Sandra Pannell (2006) bahkan menunjukkan bahwa masyarakat adat di Maluku Tenggara kerap mengalami negara secara berbeda, bahkan dalam bentuk resistensi.

Oleh karena itu, sejarah kebangsaan yang inklusif harus memberi ruang bagi keberagaman perspektif, tanpa kehilangan orientasi dalam kerangka formasi identitas nasional dan proses menjadi Indonesia.

Sejarah kebangsaan Indonesia yang inklusif dan multivokal harus mengakui bahwa bangsa ini adalah komunitas terbayang yang terus mengalami proses formasi, sebagaimana dikemukakan oleh Anderson.

Narasi sejarah tidak boleh bersifat sentralistik dan monolitik, melainkan perlu membuka ruang bagi kajian-kajian regional, kelompok marginal, naskah tradisional, serta dinamika agama-politik untuk memperkaya perspektif.

Dalam konteks era digital, sejarah kebangsaan harus mengakomodasi tarik-ulur dan ketegangan dalam proses inklusivitas, serta bersikap kritis terhadap dominasi, marginalisasi, dan bias dalam sumber-sumber sejarah.

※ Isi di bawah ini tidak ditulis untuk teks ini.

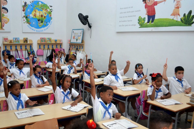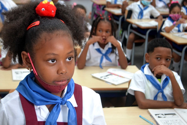 Estudiantes que reanudan el curso escolar 2021-2022, en la escuela primaria Rafael María de Mendive, en el municipio Habana Vieja. (Yury Díaz Caballero/ACN)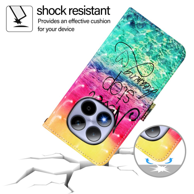 Suojaa Xiaomi Redmi Note 15 Pro 5G -puhelimesi tyylikkäästi tällä monikäyttöisellä lompakkokotelolla. Inspiroiva "Never Stop Dreaming" -muotoilu, 3 korttipaikkaa, käteistasku ja säädettävä pidike handsfree-käyttöön.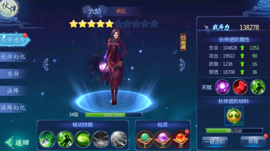 4、转职:目前最高为六转,达到对应转生等级以后会解锁对应的装备阶数和可以激活的伙伴法宝。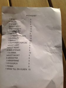 Idag har vi haft poängjakt. Det gällde att hitta så mycket som möjligt på listan på 20 min. Inte helt lätt. Men alla lyckades jättebra.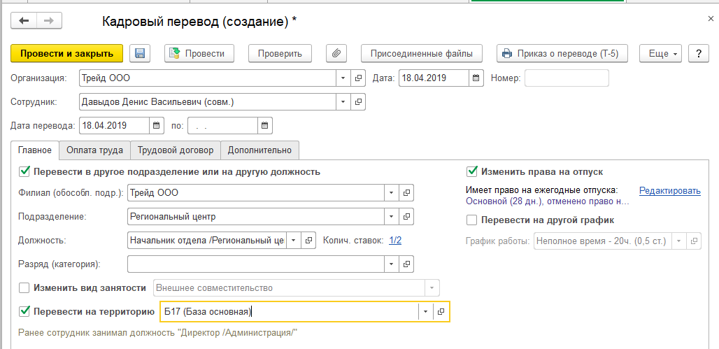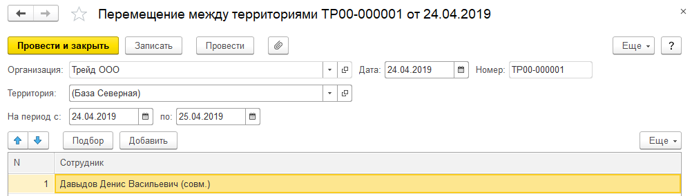В документе указывается территория, даты перевода (это может быть временный либо постоянный перевод). Например, сотрудник на 2 дня переводится на Базу северную, где РК=2.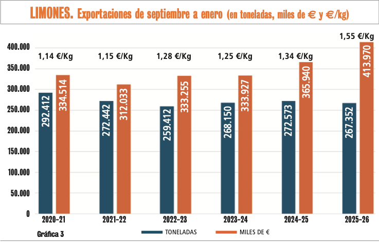 En el periodo contemplando las hectáreas han tenido unas pequeñas oscilaciones, pero se han mantenido entre las 51.000 y las 54.000. Pero, como vemos nítidamente, no sólo han subido los precios de venta sino que, a pesar de una estabilización de los volúmenes exportados en toneladas, el valor total de las exportaciones en los 5 meses de campaña analizados ha tenido una tendencia al alza. Sin lugar a duda, y desde hace ya más de 15 años, los limones son la familia citrícola española con mejor comportamiento.

Mewujudkan historiografi yang multivokal bukanlah bentuk penolakan terhadap Pancasila atau persatuan, melainkan justru menegaskan bahwa kekuatan Indonesia terletak pada kemampuannya merangkul keragaman sebagai inti dari jati dirinya, dalam bingkai Pancasila dan keindonesiaan yang hidup serta terus diperbarui.

Lokalitas sebagai pilar identitas nasional

Identitas nasional Indonesia sering diasumsikan sebagai kesatuan monolitik yang menenggelamkan perbedaan lokal.

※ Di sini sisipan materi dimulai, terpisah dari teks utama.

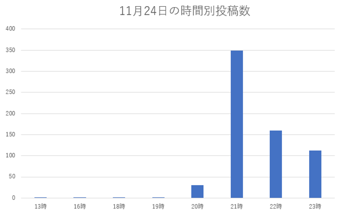 都倉選手が呼びかけた11月24日は試合当日の12月1日を除く期間では、最も投稿数が多く、当日の推移も21時台、22時台は投稿数も大きく伸びていました。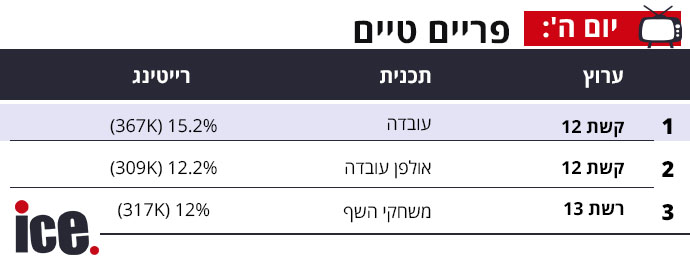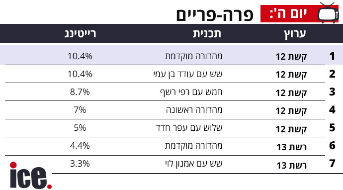 ברצועת הפרה-פריים גברו אתמול התוכניות של קשת 12 בכל השעות, כאשר מהדורת שלוש בצהריים של הזכיינית זוכה לרייטינג גבוה יותר מהמהדורה המוקדמת של המתחרה. סדר הדירוג של התוכניות, באופן לא מפתיע, תואם את שעת שידורן כאשר אלו הקרובות יותר לפריים-טיים מציגות רייטינג גבוה יותר מאלו שלפניהן: מהדורה מוקדמת ושש עם שתיהן עם 10.4%, חמש עם רפי רשף עם 8.7%, מהדורה ראשונה עם 7% וחדשות שלוש עם 5%. בינתיים, ברשת 13 זכתה המהדורה המוקדמת ל-4.4%, ושש עם אמנון לוי ל-3.3%.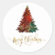 Watercolor Gold Frohe Weihnachtsbaum Design Klassischer Rundaufkleber

Namun, kajian historis dan kultural menunjukkan bahwa kekuatan bangsa justru muncul dari kemampuan mengintegrasikan pluralitas lokal.

Dalam era digital, penulisan sejarah kebangsaan harus mengakui bahwa lokalitas bukanlah hambatan, melainkan fondasi esensial identitas nasional.

Sejarah nasional harus menggali peran lokal yang bisa meliputi tradisi, nilai-nilai, struktur sosial, dan pengalaman sejarah daerah yang berkontribusi secara fundamental terhadap makna kebangsaan.

 

Konsep “komunitas terbayang” yang diperkenalkan oleh Anderson menekankan bahwa bangsa dibentuk melalui imajinasi bersama, dan keragaman lokal justru menjadi bahan konstruksi utama identitas nasional melalui bahasa, media, dan birokrasi kolonial yang merengkuh berbagai komunitas di Nusantara (Anderson: 2006).

Setiap lokalitas seperti Aceh, Minangkabau, Bali, Sulawesi, Maluku, Papua memiliki narasi unik (pahlawan, tragedi, kontribusi historis) yang tidak cukup hanya dianggap pelengkap; mereka bisa dipandang sebagai inti dari narasi nasional.

Konsep “Wawasan Nusantara” juga mempertegas pentingnya mengakui dan menghormati keragaman lokal sebagai pilar kesatuan bangsa .

Perspektif dalam penulisan sejarah kebangsaan di era abad ke-21 ini juga perlu melihat bahwa lokalitas ditempatkan sebagai fondasi identitas nasional. Ini bisa dilihat dari fenomena Sumpah Pemuda 1928 yang merupakan bentuk sintesis keragaman lokal.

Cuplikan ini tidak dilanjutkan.